Ah! Eine Überraschung: Die lange Reihe von Läden – Bretterwände, Wellblech als Dach – gibt es da noch, sie sind aber leer, zum größten Teil auch zerstört. Balken, Bretter, Plastikstühle und alte Tische liegen überall herum.

Weiter! Bergab in Richtung Bayern. Bis zur Grenze.

Jetzt wird mir allerdings bewusst, dass ich in einigen Sekunden das tschechische Gebiet verlassen werde; zuerst Waidhaus, dann auf die Autobahn. Nein, so schnell will ich der alten Heimat meiner Eltern nicht adieu sagen, ich kehre um. Ja, ich bin neugierig, was aus dem ehemaligen asiatischen «Einkaufszentrum Rozvadov» geworden ist.

Nach ein paar hundert Metern biege ich rechts ab, fahre auf den Parkplatz und steige aus. Was ich während der Fahrt nicht sehen konnte: Hinter der der Hauptstraße zugewandten Reihe von verlassenen Buden steht eine zweite Kolonne von Verkaufsständen, oder das, was von ihnen übriggeblieben ist – rostige Stangen, Pavatex-Platten, ein paar Balken und kaputte Fenster.

Darf ich weitergehen?, frage ich mich. Da liegen sogar viele Karton-Schachteln mit noch unbenützten Weingläsern. Ich fühle mich gehemmt, bin aber neugierig.

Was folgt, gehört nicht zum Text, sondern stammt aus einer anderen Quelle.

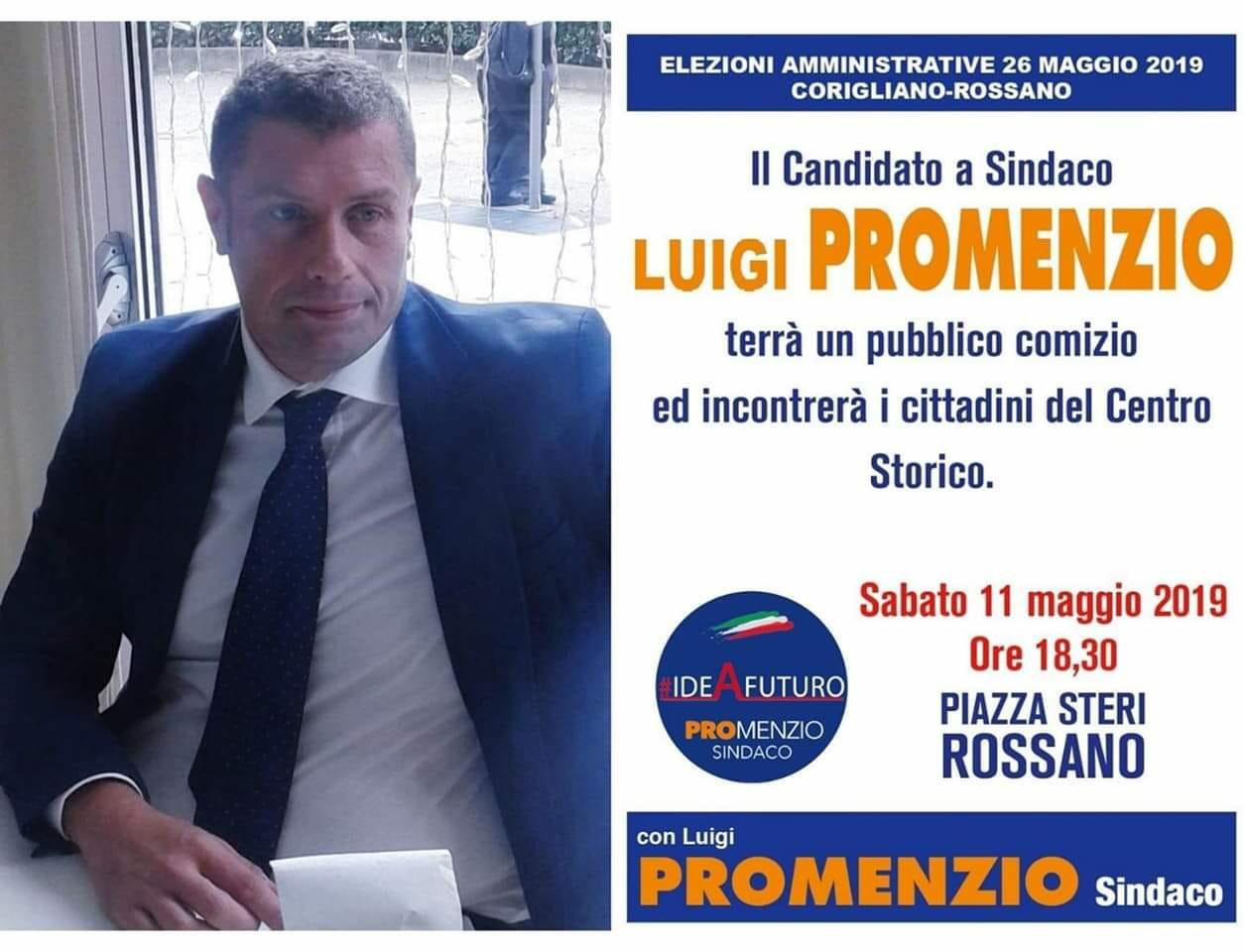 Promenzio incontrerà i cittadini sabato 11 maggio, alle ore 18.30 a piazza Steri nel centro storico di Rossano.
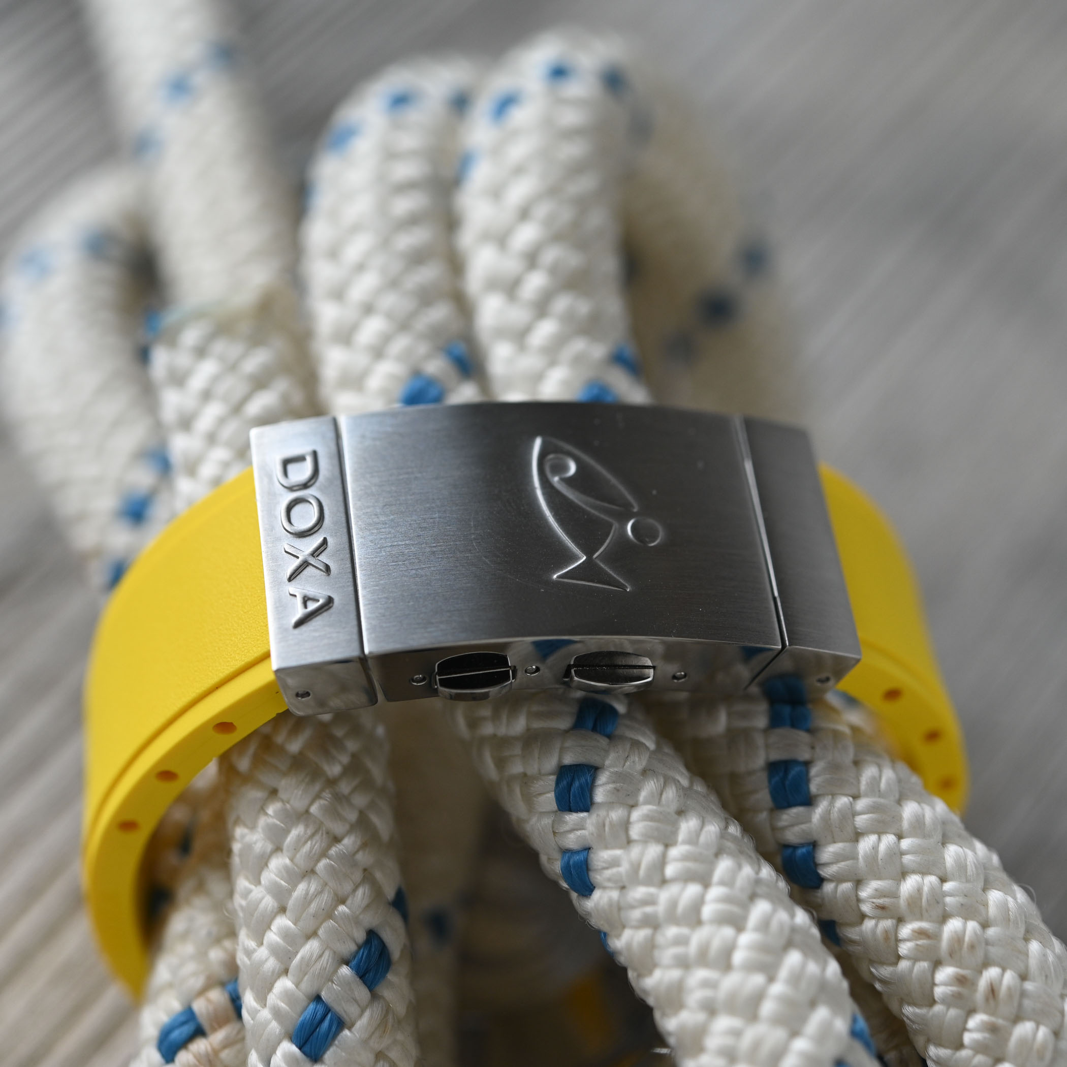 The SUB 250T GMT is available on the iconic Beads-of-Rice bracelet or Doxa’s high-quality FKM rubber strap. Both are excellent and very comfortable. When diving, I had to quickly switch it to a third-party NATO strap as a misjudgement of the water temperatures left it too small for the wetsuit I was wearing; no fault of the bracelet, which has a handy dive extension that should cover all situations, except for this one caused by an overestimation of my body’s cold water tolerances and a rental wetsuit that was just a tad too thick for how I sized the bracelet at home – so you know why there’s a NATO strap involved here…
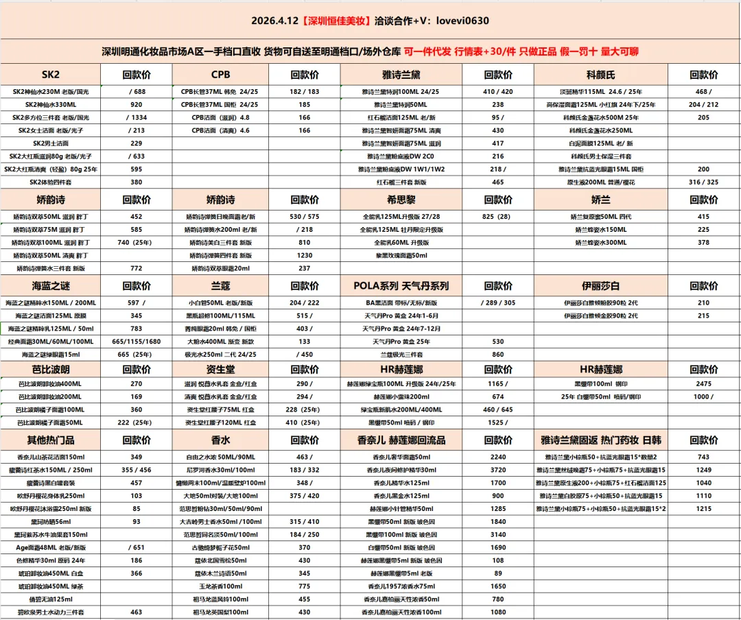 2026.4.12深圳恒佳美妆结算价(明通一手档口直收)
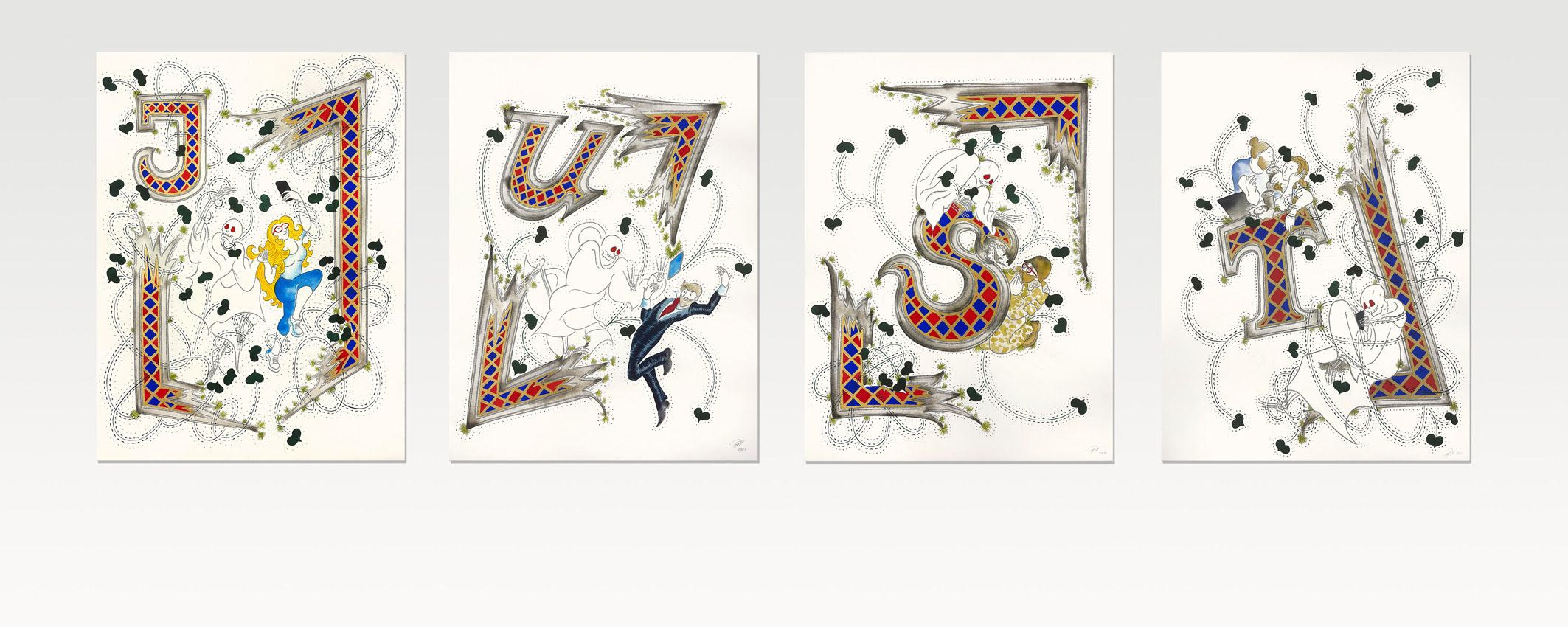Συναφής με τη δημοσιογραφική φωτογραφία, η σειρά “JUST STOP NOW!” μοιάζει με κραυγή απελπισίας όπως αυτές που συνήθως συναντά κανείς στα μέσα κοινωνικής δικτύωσης, αλλά υιοθετεί μια μεσαιωνική προσέγγιση στις σύγχρονες συγκρούσεις. Βασισμένα σε μια αργή και στοχαστική σχεδιαστική διαδικασία, τα έργα αναφέρονται στον πόλεμο και τη βία που συναντάμε σε πολλά μέρη του κόσμου. Τα γράμματα που συνθέτουν το σύνθημα μάς θυμίζουν εικονογράφηση βιβλίων και παραπέμπουν σε μια μακρά ιστορία βίας. Πρόκειται για μια έκκληση ανθρωπιάς που αποφεύγει προσεκτικά να λάβει τη μια ή την άλλη θέση ενώ ξαναμαγεύει απροσδόκητα τη σύγχρονη κοινωνία μας.
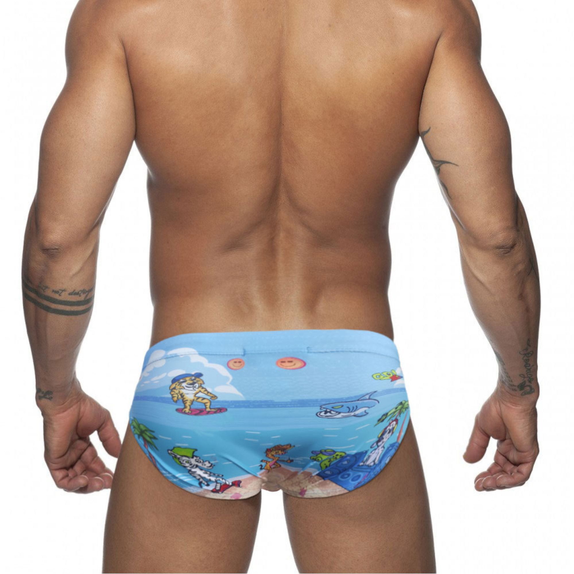 Голубые мужские плавки-брифы с мультяшным принтом
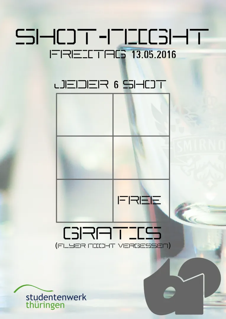 Nimm dir in der Mensa oder am Einlass eine Stempelkarte mit, trinke 5 Kurze und bekomme einen gratis dazu.
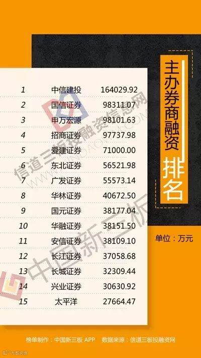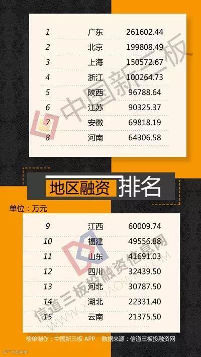 编者按:中国新三板APP、中国网新三板(finance.china.com.cn)联合信道三板投融资信息网(www.xindaowm.com)发布“新三板融资排行榜”,通过对公司公告的收集梳理,按照公司、行业、地区、券商等指标,筛选出每个指标的前15名。通过上述排名,让业界更加了解新三板融资的最新动态,以扩大新三板影响力,从而促进新三板更好地服务中小企业和推动中国实体经济发展。
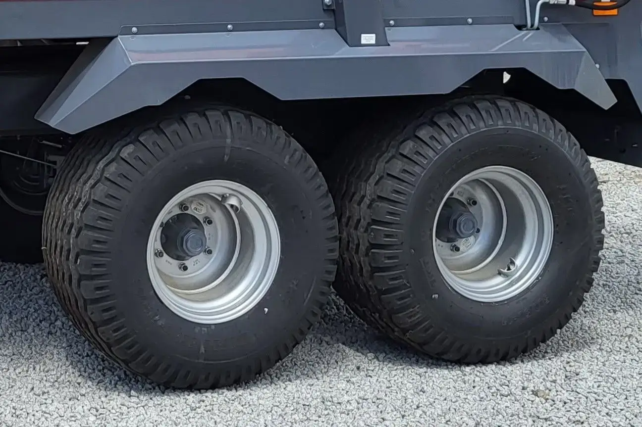- Szerokie koła 500/50-17"Ogumienie 500/50-17 zalecane do rozrzutników, które pracują w podmokłych terenach. Na szerokich kołach rozrzutnik Taurus zdecydowanie stabilniej poruszę się podczas transportu z większymi prędkościami.

Am Ende der zweiten zerstörten Ladenreihe stehen einige Verkaufsbuden, die gut erhalten aussehen. Die Ausstellungsflächen sind zwar verdreckt, jedoch intakt, sogar die Tür zu einem kleinen Lagerraum wurde nicht abmontiert und geklaut, sie ist offen. Ich zögere, gucke mich um. Niemand beobachtet mich. Weiter also!